Hydropower plants that harness the power of falling water to generate electricity are already an important part of the global energy mix, but a new study suggests they may have much more to offer.
A research team carried out an analysis of the energy potential of combining hydroelectric dams with floating solar panels. Result? He calculated that these hybrid plants they could satisfy a "significant" part of the current global electricity needs.
The analysis was conducted by scientists from the US Department of Energy's National Renewable Energy Laboratory (NREL). The team looked at the freshwater hydropower basins currently installed around the world and their potential to host floating photovoltaic solar panels on the water surface.
These systems could be adapted to enable solar power generation during the day. Hydropower dams, on the other hand, store water and energy for use during periods of peak demand (and they would serve us damnably).
Hydroelectric dams and floating solar panels, the pilot project
At present, this type of floating solar / hydro hybrid system has been installed in one location only, as a pilot project in the dam of the Rabagão river in Portugal.
It is comprised of 840 solar panels covering 2.500 square meters (27.000 square feet) and has an estimated power generation capacity of 300 MWh.
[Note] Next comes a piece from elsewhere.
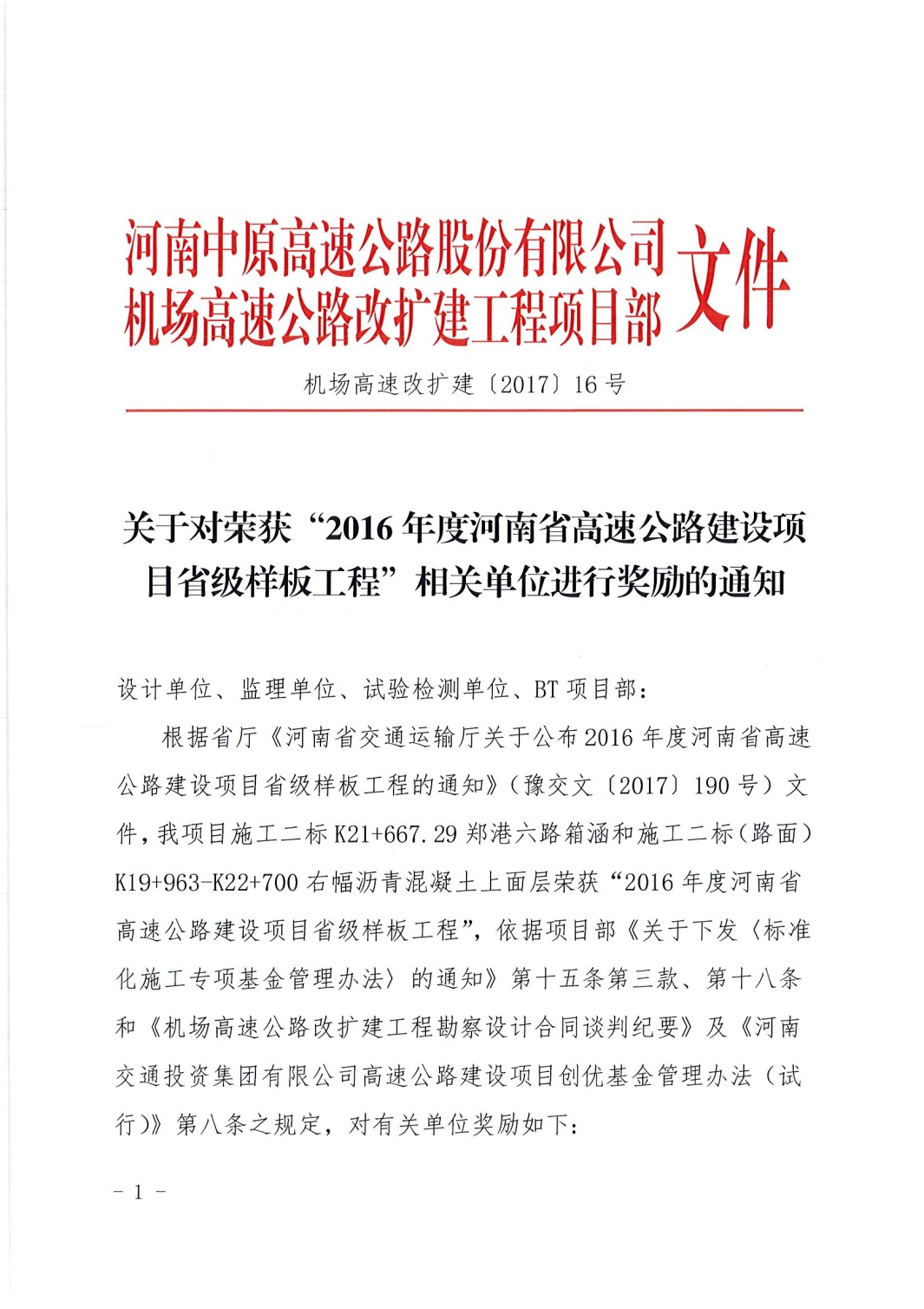 近日,我公司设计的机场高速改扩建工程k21 667.29郑港六路箱涵和k19 963-k22 700右幅沥青混凝土上面层荣获“2016年度河南省高速公路建设项目省级样板工程”。业主发文嘉奖并对我公司进行奖励。

Energy supplier EDP plans to expand this pilot project with a system of 11.000 floating solar panels at the Alqueva hydroelectric power plant, one of the largest energy storage facilities in Portugal.
It's only the beginning
According to the new NREL analysis, it's simply a matter of scraping the surface of what these systems could offer. The team estimates there are
nearly 380.000 other hydroelectric power reservoirs around the world that could be equipped with these floating photovoltaic systems, which would connect to existing substations used by dams and hydroelectric power plants. They could produce up to 7,6 TWh of energy per year, or up to 10.600 TWh per year, excluding energy from existing hydroelectric plants.
This is a monumental figure, considering that the electricity demand for the entire globe was just over 22.300 TWh in 2018.
Hydroelectric dams and floating solar panels: now we need a roadmap
The study is much more a way to highlight the potential of this almost non-existent energy solution than a plan to implement it. The researchers say further work would be needed to evaluate the sites. Some may be dry at certain times of the year or there may be other factors that could make them unsuitable for floating PV, but even so the find is sensational.
“This is really optimistic,” he says Nathan Lee, lead author of the article. It is a superior estimate of the achievable resources that considers the constraints of the water body and the performance of the generation system ”.